But it's hardly worth my while repeating this to someone who won admission to our organization with a project entitled, ‘The British Museum in a Nutshell’. Relatively speaking, you have only been with us a few years, but by now you are as familiar with the workings of our laboratories as I myself, who am or was the foundation's director. I would never have left this job, I assure you, if I still felt I had the energy. But since my wife's mysterious disappearance, I have sunk into a depression from which I still have not recovered. It is only right that our superiors — accepting what are anyway my own wishes — should decide to replace me. Hence it falls to me to inform you of those official secrets which have so far been kept from you.

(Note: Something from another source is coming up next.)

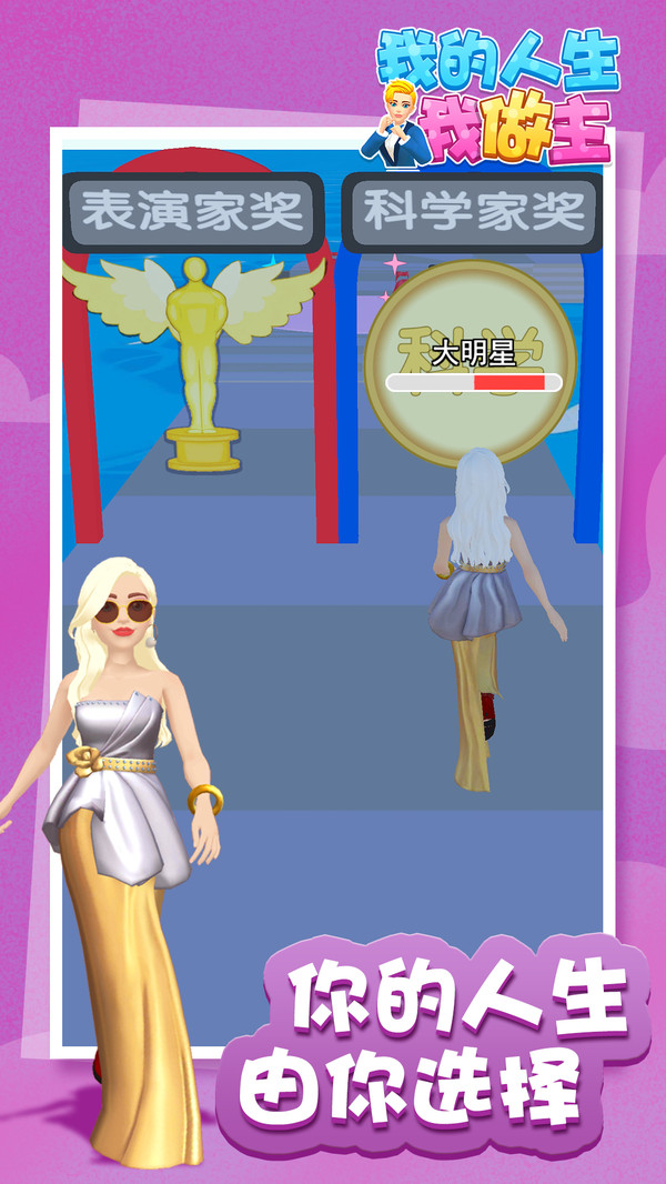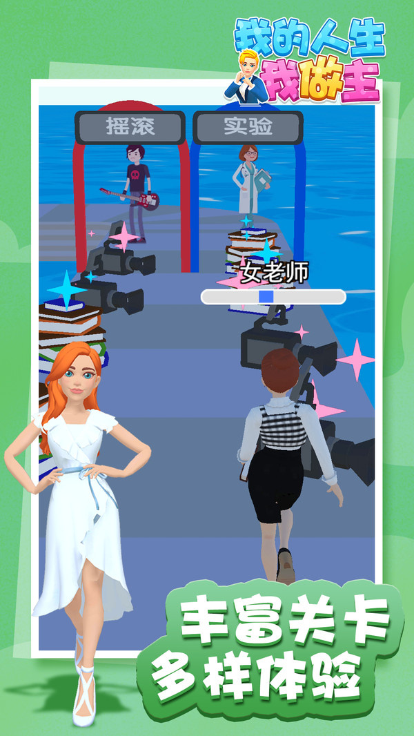 《我的人生我做主》是一款另类的休闲跑酷小游戏,游戏规则简单,在赛道上玩家收集你所需要的道具,在这个过程中你可以选择成为科学家、富翁、明星、歌手、超人等等多种成长路线,收集的道具越多离你的目标也就越近,当然在赛道之中你需要避开其他道具,否则会影响你的目标进度哦~游戏中有多种成长路线以及最终结局,等待玩家来一一揭晓~

What you are not aware of is the true purpose of our work. It has to do with the end of the world, Muller. We are working in expectation of an imminent disappearance of life on Earth. We are working so that all may not have been in vain, so that we can transmit all we know to others, even though we don't know who they are or what they know.

May I offer you a cigar? Forecasts that the Earth will not be able to support life, or at least human life, for much longer should not distress us unduly. We have all been aware for some time that the sun is halfway through its lifespan: however well things went, in four or five billion years everything would be over. That is, in a short while the problem would have presented itself anyway; what is new is that the deadline is now very much nearer, we have no time to lose, that's all. Obviously the extinction of our species is not a happy prospect, but crying about it offers only the same empty consolation as when we mourn the death of an individual. (I'm still thinking of my dear Angela, do forgive my emotion.) There are doubtless millions of planets supporting life forms similar to our own; it hardly matters whether our image lives on in them or whether it be their descendants rather than our own who carry on where we left off. What does matter is that we give them our memory, the general memory put together by the organization of which you, Muller, are about to be made director.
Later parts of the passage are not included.